1TABLE 1 Test Article Oxandro Oxandro Oxandro Meth-Test Meth-Test
Meth-Test Mg/kg/day 1 3 10 1 3 10 Seminal Vesicles 100.7 120.1
171.0 89.6 118.0 194.4 with Fluid Prostate 135.3 139.4 166.3 97.0
109.1 222.5 Prostate (Fixed) 127.6 149.9 192.2 101.9 119.0 234.0
Glands Penis 104.1 107.4 109.6 127.9 102.6 122.9 Levator Ani and
107.3 148.2 192.4 111.0 114.2 139.7 Bulbocavernous Cowpers Gland
137.1 159.7 206.5 88.7 179.0 237.1
[0039] As is evidenced in Table 1, in the majority of the tests,
both test articles increased the organ weights of the male
accessory sex glands compared to the control group values. The
percentage of weight increase in the organs from the oxandrolone
dosed rats, were generally equal to, or greater than, the organ
weight increases in the 17.alpha.-methyl testosterone dosed rats.

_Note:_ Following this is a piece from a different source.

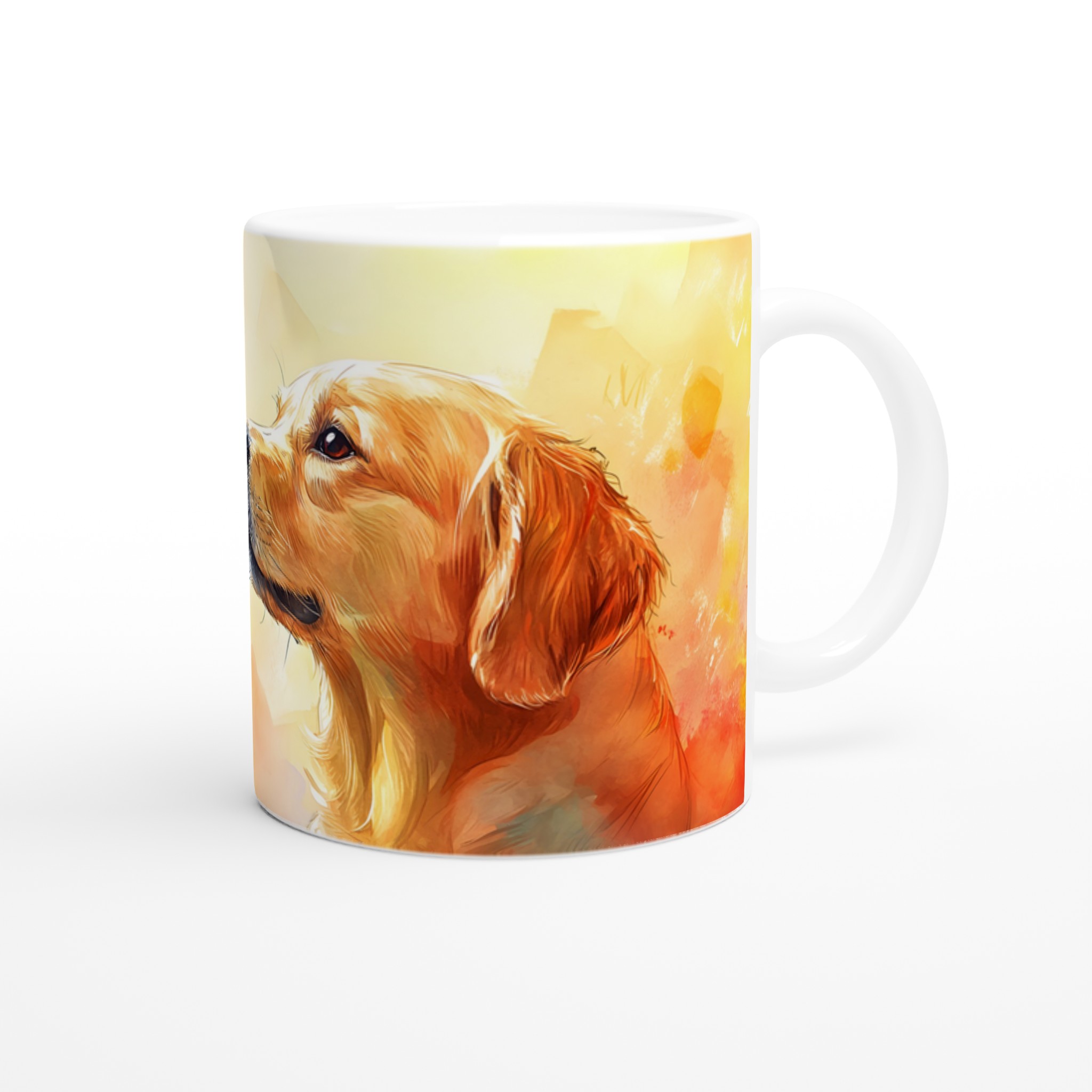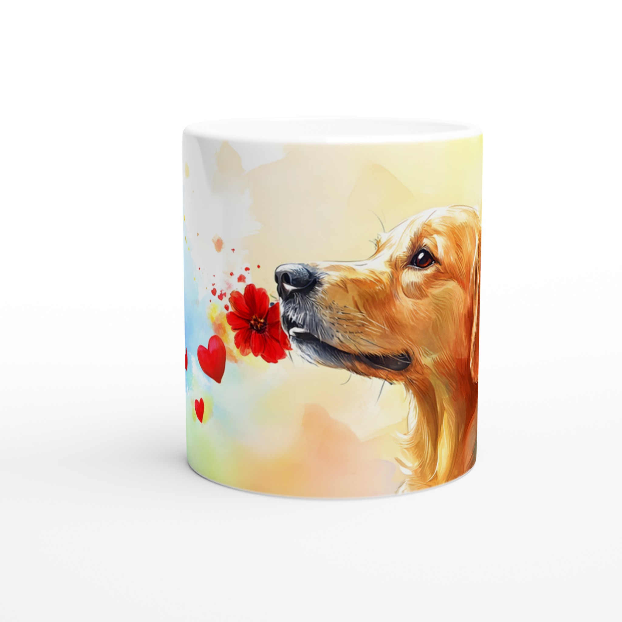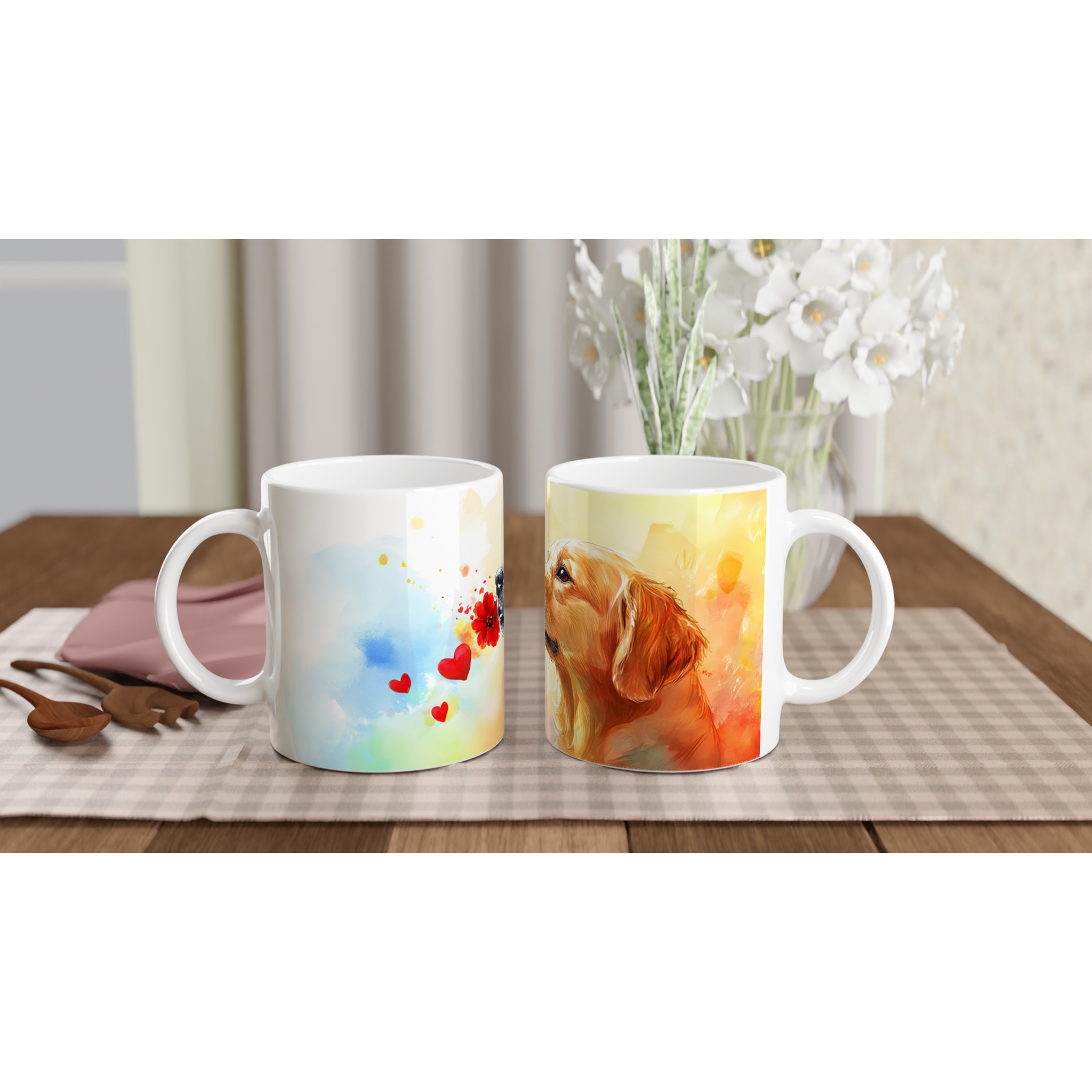 Fånga den hjärtvärmande glädjen och lojaliteten med vår keramiska mugg ”Guldiga Vännen”, med en bedårande golden retriever i en livfull akvarellstil. Denna mugg är en hyllning till våra fyrbenta vänner, perfekt för att lysa upp din morgonkaffe eller mysiga te-stunder. Den konstnärliga designen, med dess varma färger och lekfulla hjärtan, gör varje sipp till en stund av ren glädje.

The methyl testosterone tested rats exhibited a greater increase in
weight than that of the oxandrolone dosed rats. This illustrates
that the methyl testosterone has a greater effect than oxandrolone.
Yet, this study also illustrates the potential of oxandrolone being
able to mimic endogenous sex hormones without the typical
androgenizing side effects.
[0040] These examples are suitable for mice and other animals that
have difficultly in swallowing tablets. For use in humans, the
preferred embodiments will be tablets, capsules, transdermal
patches and the like.
[0041] In the specification, there has been disclosed typical
preferred embodiments of the invention and, although specific terms
are employed, they are used in a generic and descriptive sense only
and not for purposes of limitation of the scope of the invention
being set forth in the following claims.